--- RECORDS FOR THE EXERCISE ---
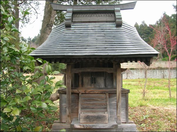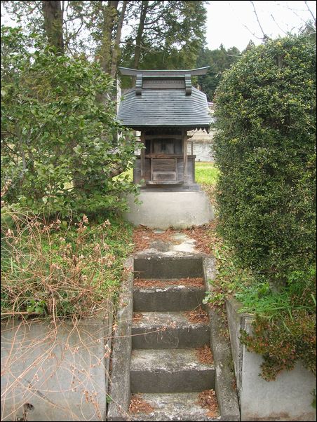 前述の会社の駐車場の右側にある。赤い矢印が、巫女御前社。
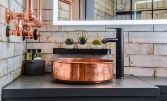 Designed with creativity and connectivity in mind, rustic vibes-meet-modern living in this Soho Farmhouse-inspired bolthole. The open plan living space - complete with exposed brick walls, reclaimed wood ceiling, stunning kitchen and a log burner in the corner - is a pinch-yourself sanctuary for all those seeking an escape from the everyday. From the spacious yet secluded courtyard to the carefully curated greenery, this self-catered hideaway has countryside walks from your doorstep, with nothing but relaxation waiting for you on your return.
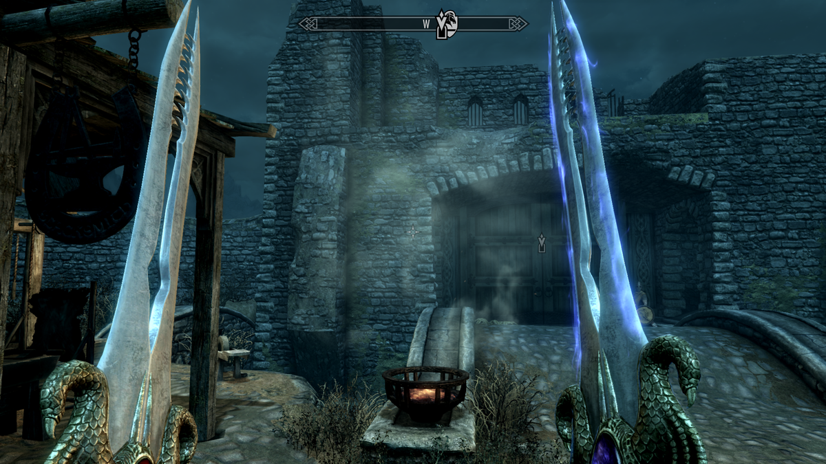 В статье о квесте "Разделенная душа" я упомянул об этом задании и вот сбегал по второй чудо-меч. Итак задание. Зуб Фалдара находится недалеко от Рифтена, собственно здесь: Эту крепость стоит посетить просто ради самой крепости. Ибо таких живодеров как там мало где встретишь в Скайриме. Эти сволочи держат в клетках волков и кормят их собаками, серьезно без шуток. А по ходу зачистки пещеры понимаешь что они и сами жрут собак(( в общем, достойны смерти! В одной из комнат обнаружиться что они еще и устраивают бои между четырехлапыми пушистиками. Там же найдем мертвого эльфа уморенного луком-пореем. В той же комнате находим записку, что отсылает на в еще одну пещеру. Пещера Сломанный Клык базируется неподалеку от Вайтрана. Сразу отмечу что там есть пара неприятных вампиров, поэтому на низких уровнях туда соваться не следует, да и сама пещерка достаточно стремная, хоть и небольшая. В конце пещеры в сундуке будет лежать награда - одноручный меч Жажда Крови. Крутая награда и не очень сложный к
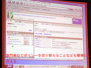 ただ、Windowsに似せた外観をまとったLinuxはもはやめずらしくはない。むしろ、Sun Java Desktop Systemの最大の特徴は、企業のシステム管理者を助ける一元管理ツールが標準装備されていることだ。各デスクトップの資産管理やOSを含むソフトウエアのバージョンを管理し、最新バージョンを全デスクトップに一括配布する機能を持つ「サン・コントロールステーション」、ポリシーベースによる各デスクトップの構成管理を実現する「Javaデスクトップシステム・コンフィグレーションマネジャー」、リモートデスクトップの画面を管理者のデスクトップ上に呼び出し、遠隔から画面操作などを行う「リモートデスクトップ・テイクオーバー」−を標準で搭載した。
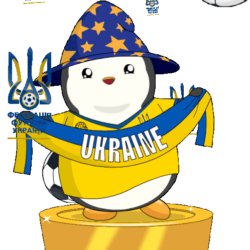An adorable penguin mascot in a Ukraine football jersey and wizard hat, holding a 'UKRAINE' banner.
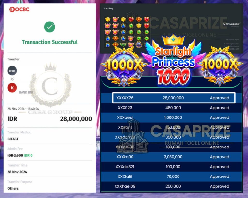 Selamat kepada bosku yang bermain di CASAPRIZE dengan user id XXXXX26 yang telah mendapatkan kemenangan besar di game STARLIGHT PRINCESS 1000 > PRAGMATIC SLOT
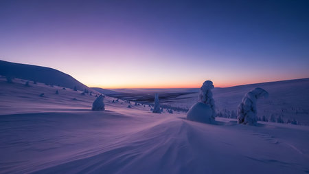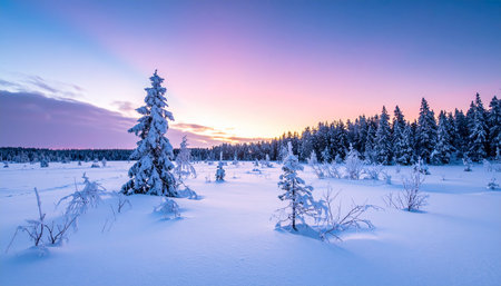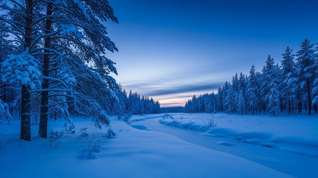A winter forest scene at twilight with snow covered trees and a gradient sky. Clear details and vibrant colors enhanc...
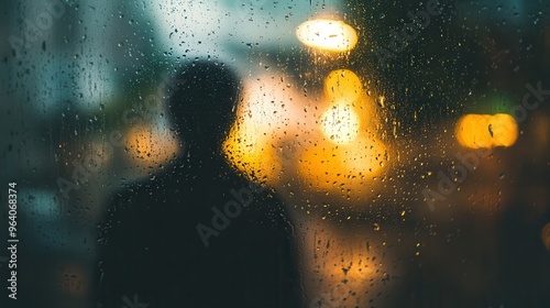Obraz premium Moody Cinematic Rainy Window Scene with Blurry Figure Looking Outside
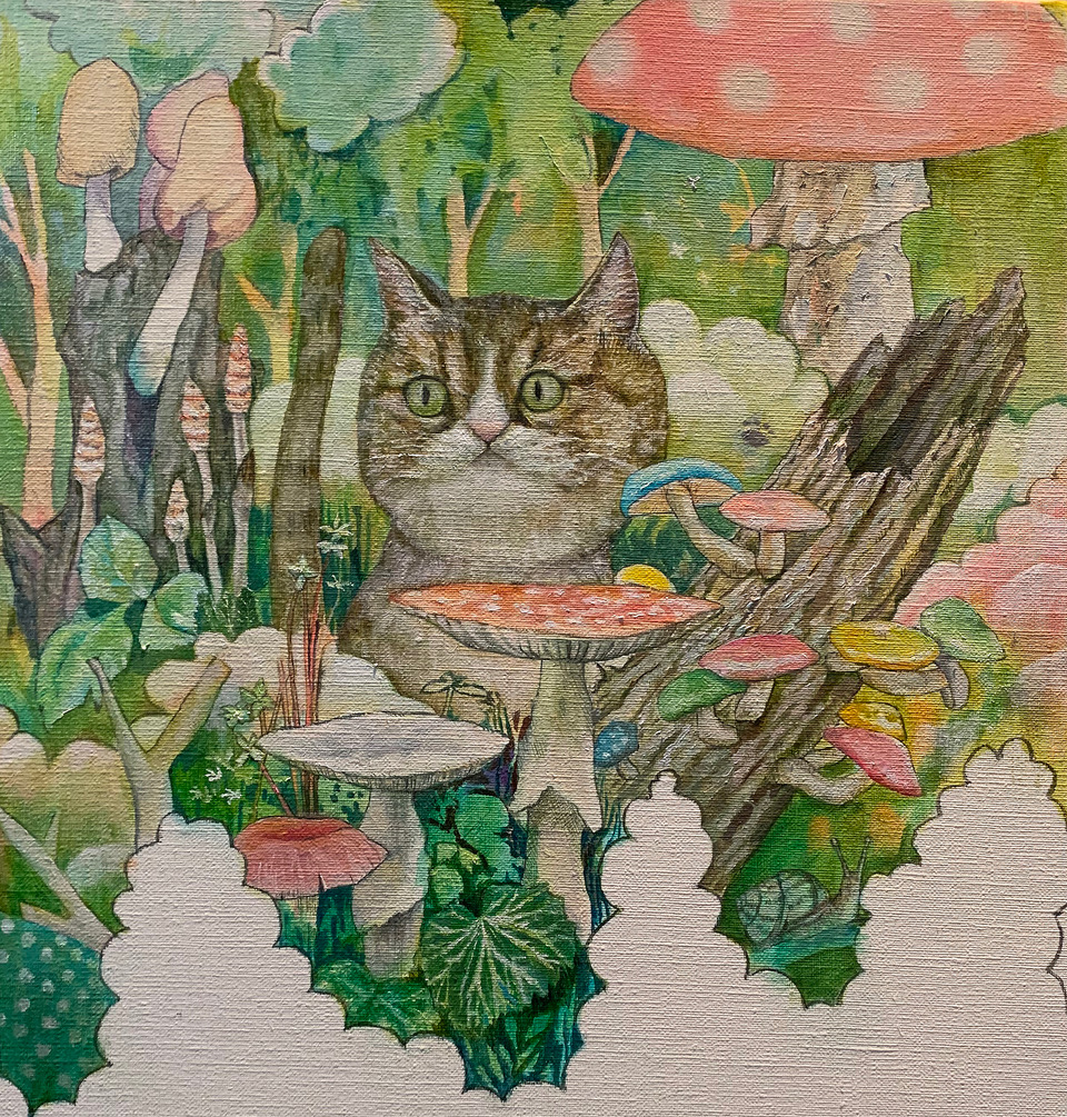 現代社会が暗くて未来が見えないのだから絵ぐらいは優しい気持ちで見ていたいという言葉を胸に、その時代を生きる人が見て安らげる絵を描くことも時代を描くという画家の生き方と根底で繋がっているのでは?と思い制作しております。
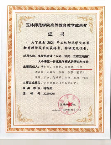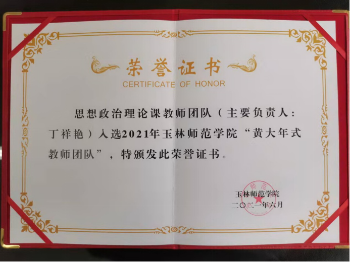 (思政课教师团队获评玉林师范学院“黄大年式教师团队”)
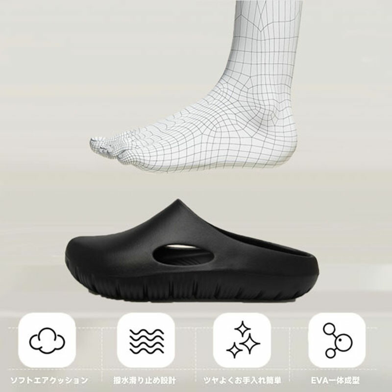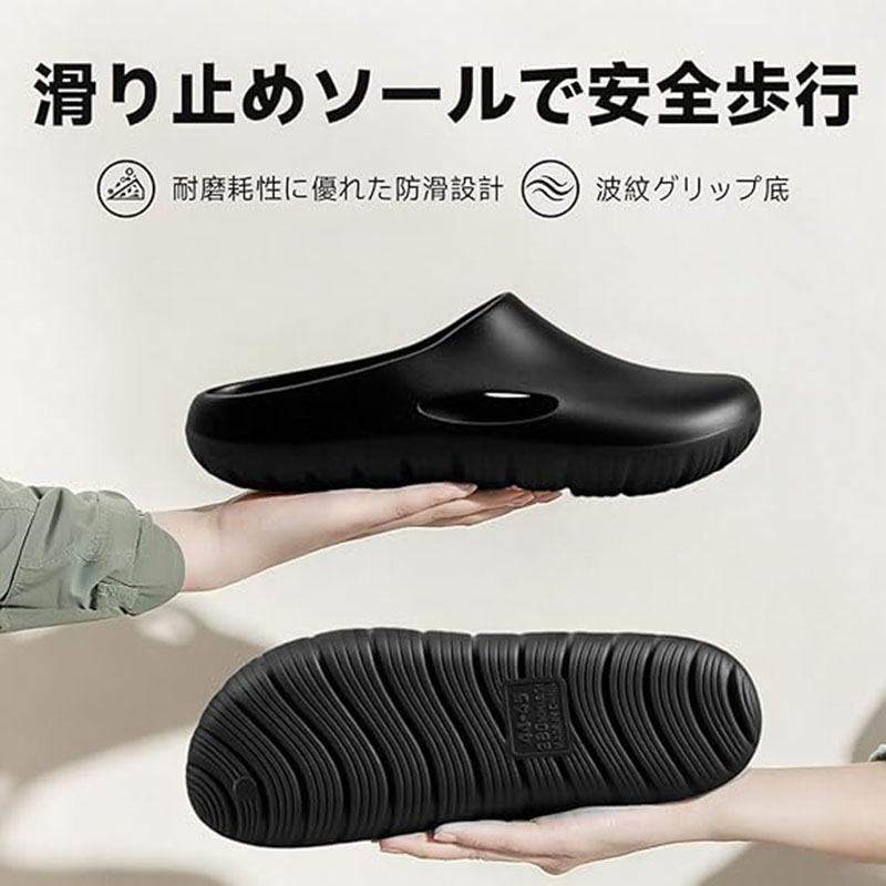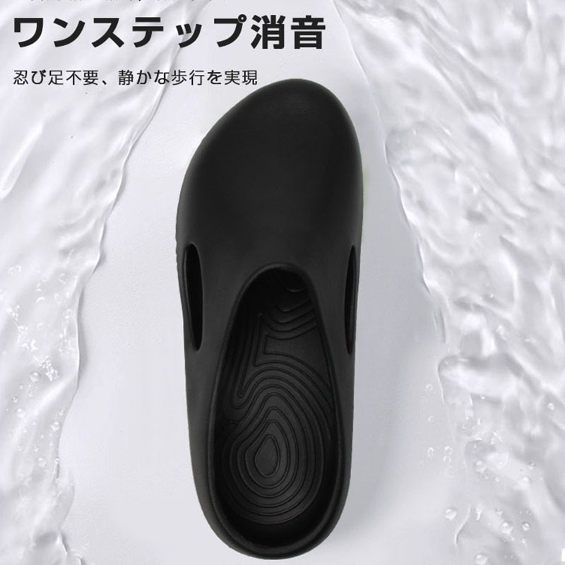 【静音設計】防音ソールを採用し、室内でも気兼ねなく歩けます。従来のサンダルに比べて歩行音が約70%低減され、夜間やマンション生活でも周りを気にせず快適にご使用いただけます。
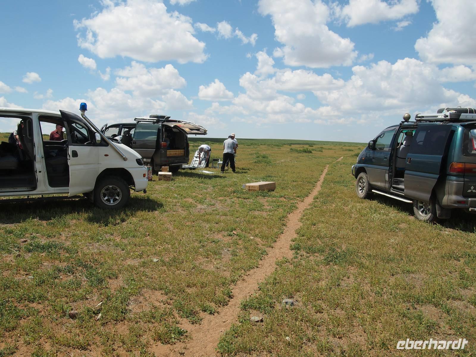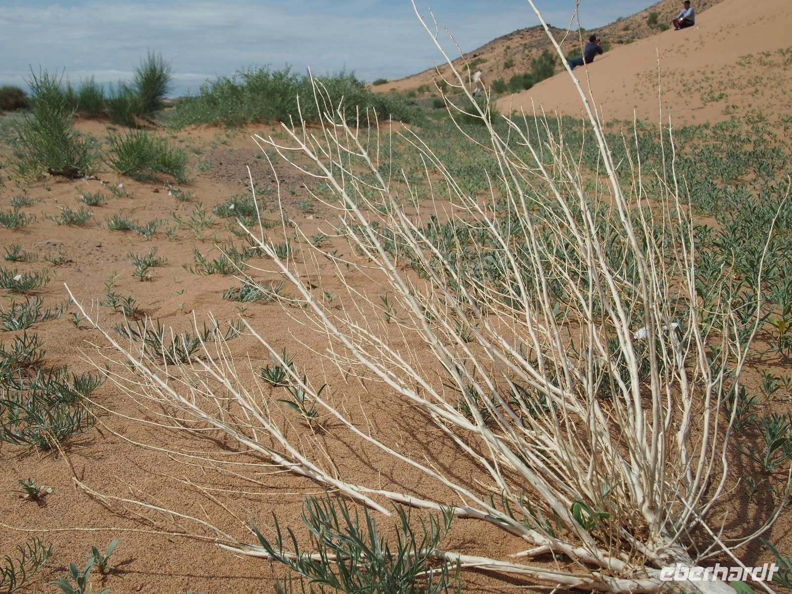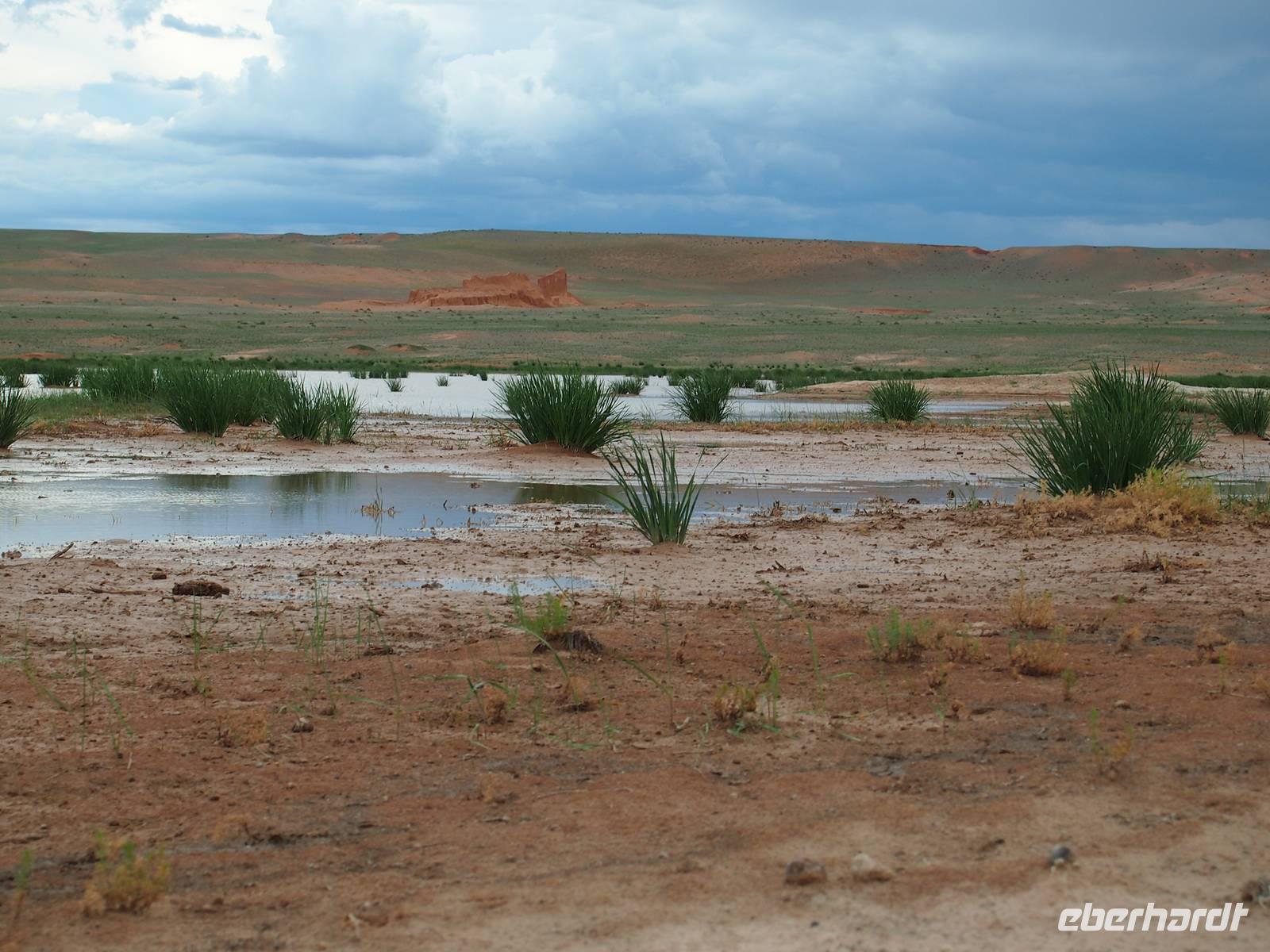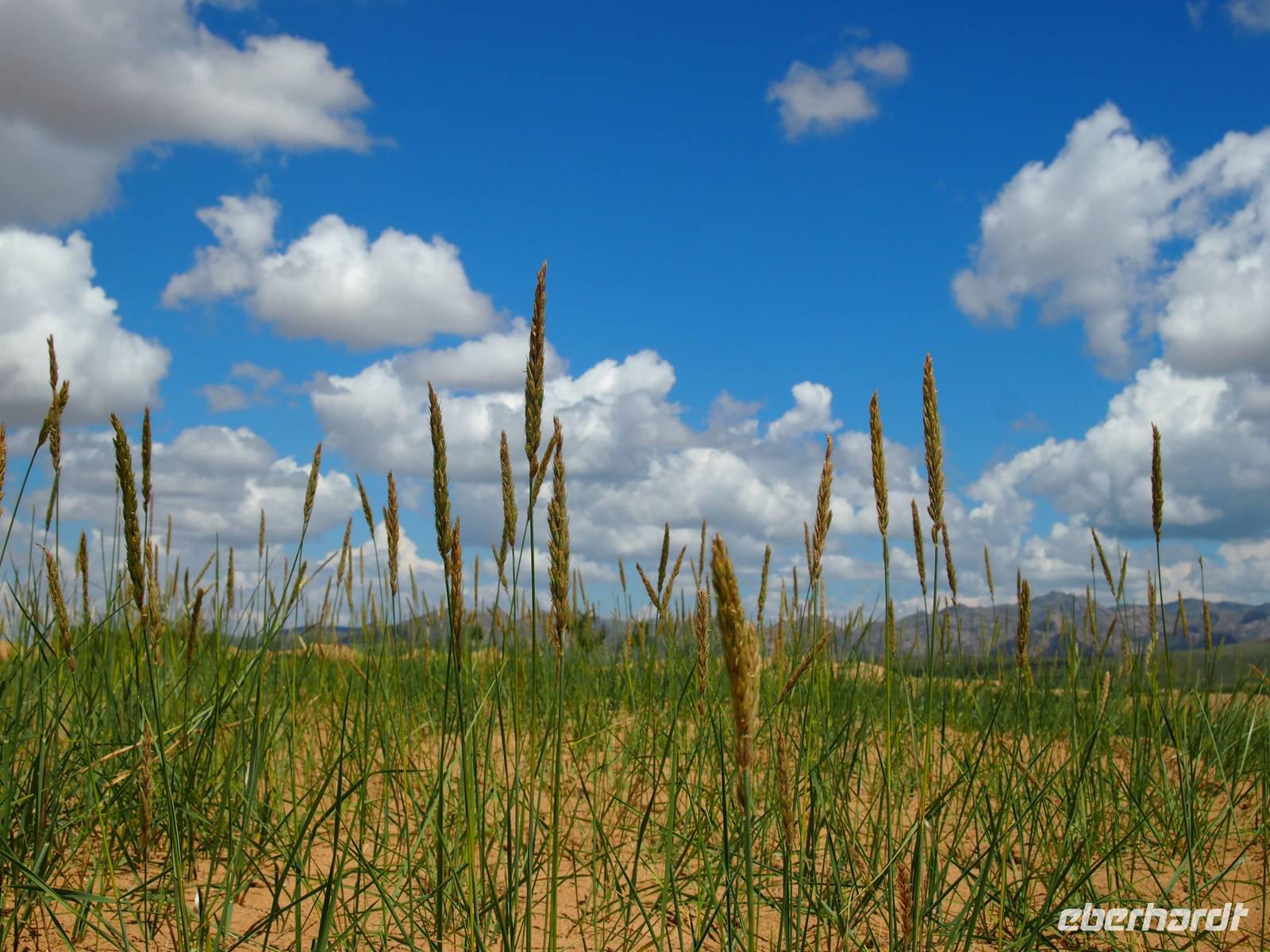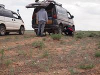 Nach dem Frühstück fuhren wir weiter Richtung Norden durch die Wüste Gobi. Nach relativ kurzer Fahrzeit hatte ein Auto eine Panne und so mussten wir eine kleine Zwangspause einlegen. Die Fahrer konnten das Problem schnell beheben, wir nutzten die Zeit, um die Pflanzenwelt zu begutachten und zu fotografieren. Zu unserem Glück waren zwei größere Kamelherden in unmittelbarer Nähe von uns und so machten wir uns auf den Weg die Tiere zu beobachten. Faszinierend und gespenstisch zugleich war das laute Röhren, welches die Kamele von sich gaben, da die Tiere, die wir bis dahin zu Gesicht bekommen hatten, völlig geräuschlos waren. Wir waren doch sehr erstaunt über den Klang, der mit einem Motorradgeräusch zu vergleichen ist.

--- EXERCISE INSTRUCTIONS ---
Out of the records above, set down only the lines from the one that contains "An adorable penguin" through the one that contains "A winter forest", unchanged and without the pictures.

--- RESPONSE AREA ---
An adorable penguin mascot in a Ukraine football jersey and wizard hat, holding a 'UKRAINE' banner.
 Selamat kepada bosku yang bermain di CASAPRIZE dengan user id XXXXX26 yang telah mendapatkan kemenangan besar di game STARLIGHT PRINCESS 1000 > PRAGMATIC SLOT
A winter forest scene at twilight with snow covered trees and a gradient sky. Clear details and vibrant colors enhanc...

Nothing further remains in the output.